- **AIM OF THE EXERCISE**
Once the pictures are set aside, transcribe each line of the listing exactly.

- **COLLECTED MATERIAL**
---
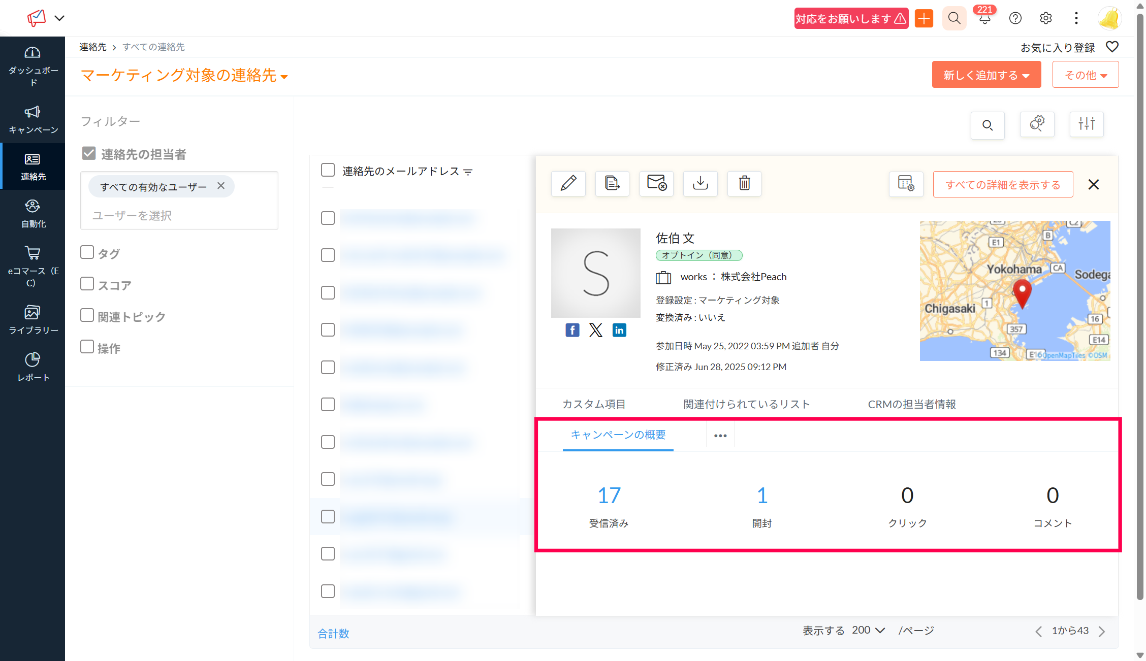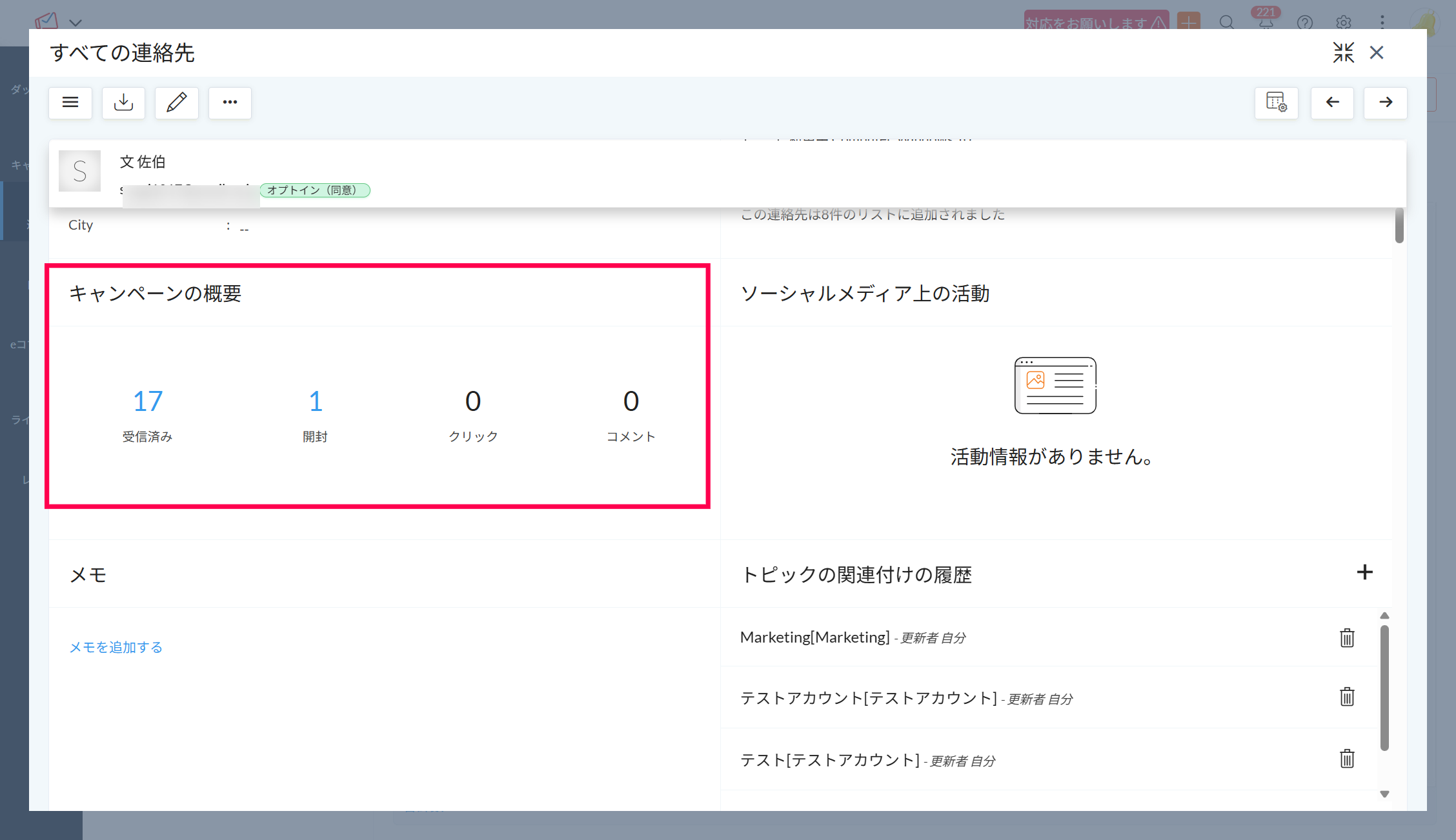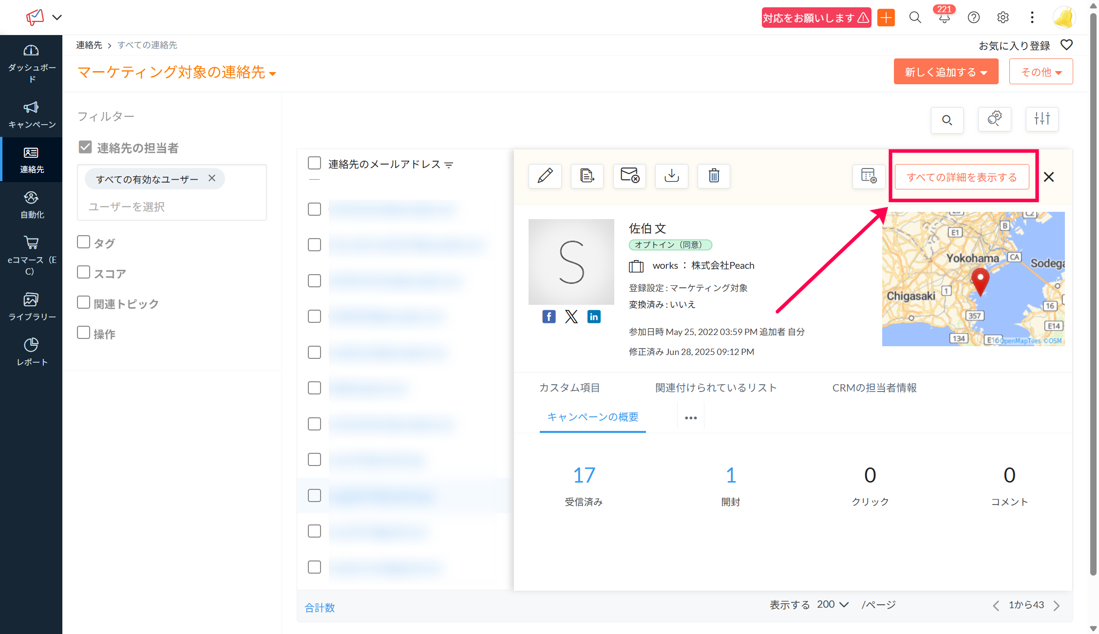 また、「キャンペーンの概要」は、連絡先の詳細画面内右上にある「すべての詳細を表示する」ボタンをクリック後、画面を下にスクロールした際にも確認可能です。
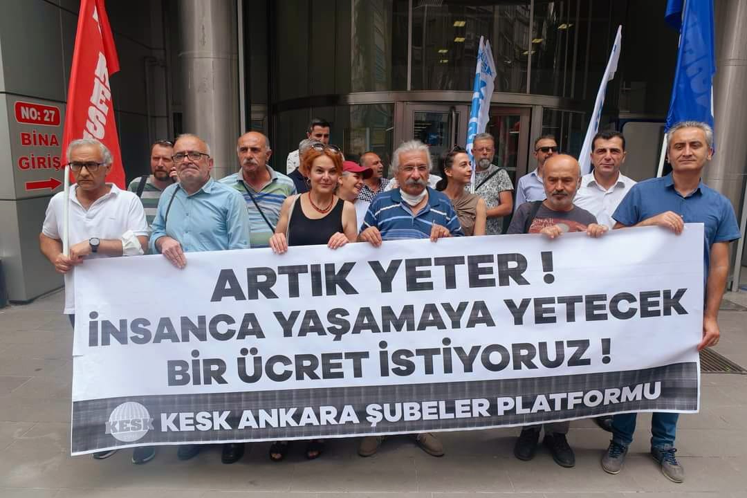 Kamu Emekçileri Sendikaları Konfederasyonu (KESK) Ankara Şubeler Platformu, “İnsanca yaşanacak bir ücret istiyoruz” diyerek bordro yakma eylemi düzenledi
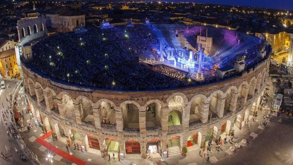 С 1913 года ежегодно летом здесь проходит оперный фестиваль. Ставят в основном зрелищные постановки, такие как “Аида”, открывшая первый из этих фестивалей, “Турандот”, “Кармен”. “Арена ди Верона” способна вместить до 16 000 зрителей одновременно, что не под силу ни одному залу классических театров.
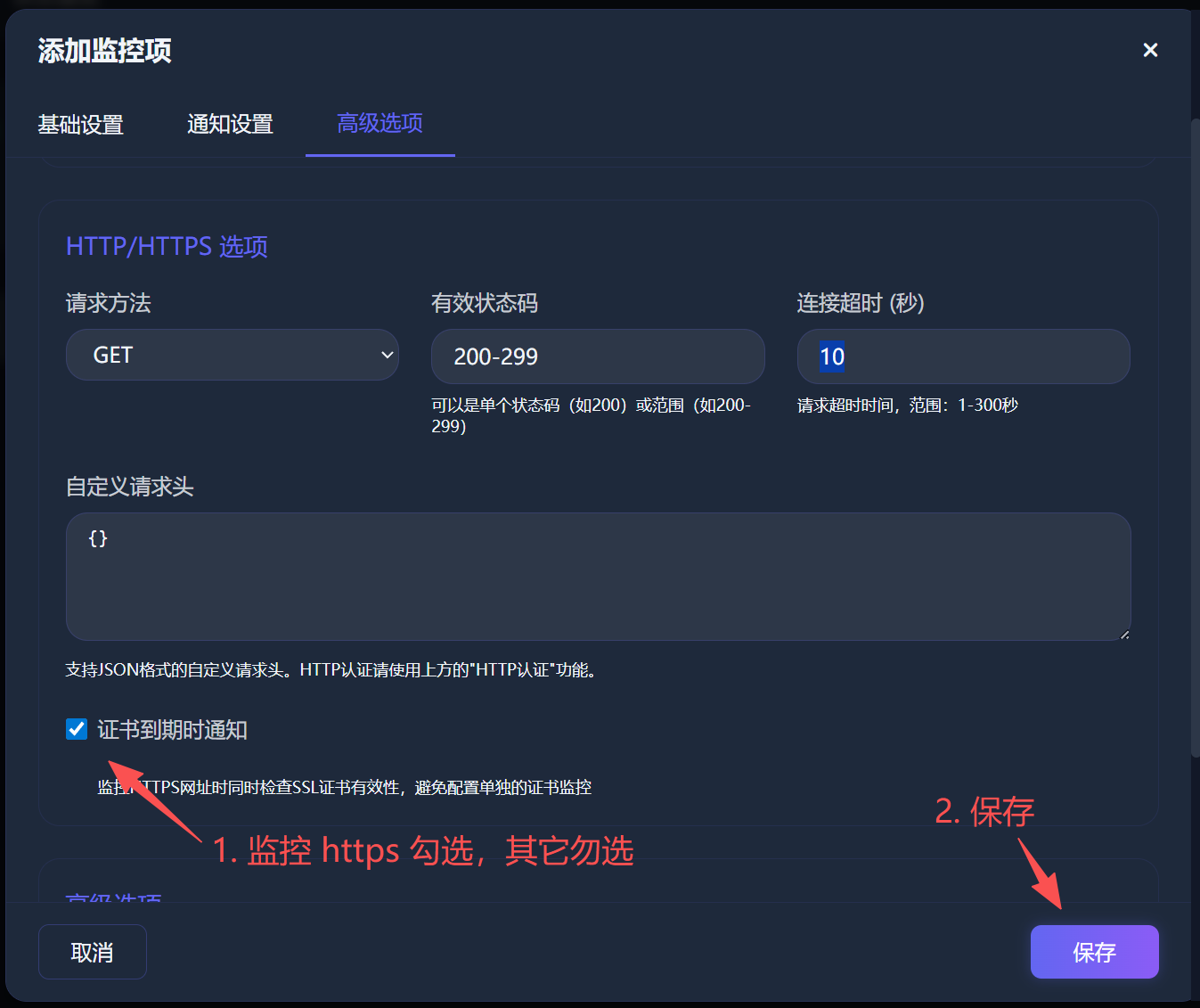 - 🔒 HTTPS 证书监控:检测 SSL 证书的过期时间,提前预警,避免访问异常
---
- **RESPONSE**
 また、「キャンペーンの概要」は、連絡先の詳細画面内右上にある「すべての詳細を表示する」ボタンをクリック後、画面を下にスクロールした際にも確認可能です。
 Kamu Emekçileri Sendikaları Konfederasyonu (KESK) Ankara Şubeler Platformu, “İnsanca yaşanacak bir ücret istiyoruz” diyerek bordro yakma eylemi düzenledi
 С 1913 года ежегодно летом здесь проходит оперный фестиваль. Ставят в основном зрелищные постановки, такие как “Аида”, открывшая первый из этих фестивалей, “Турандот”, “Кармен”. “Арена ди Верона” способна вместить до 16 000 зрителей одновременно, что не под силу ни одному залу классических театров.
 - 🔒 HTTPS 证书监控:检测 SSL 证书的过期时间,提前预警,避免访问异常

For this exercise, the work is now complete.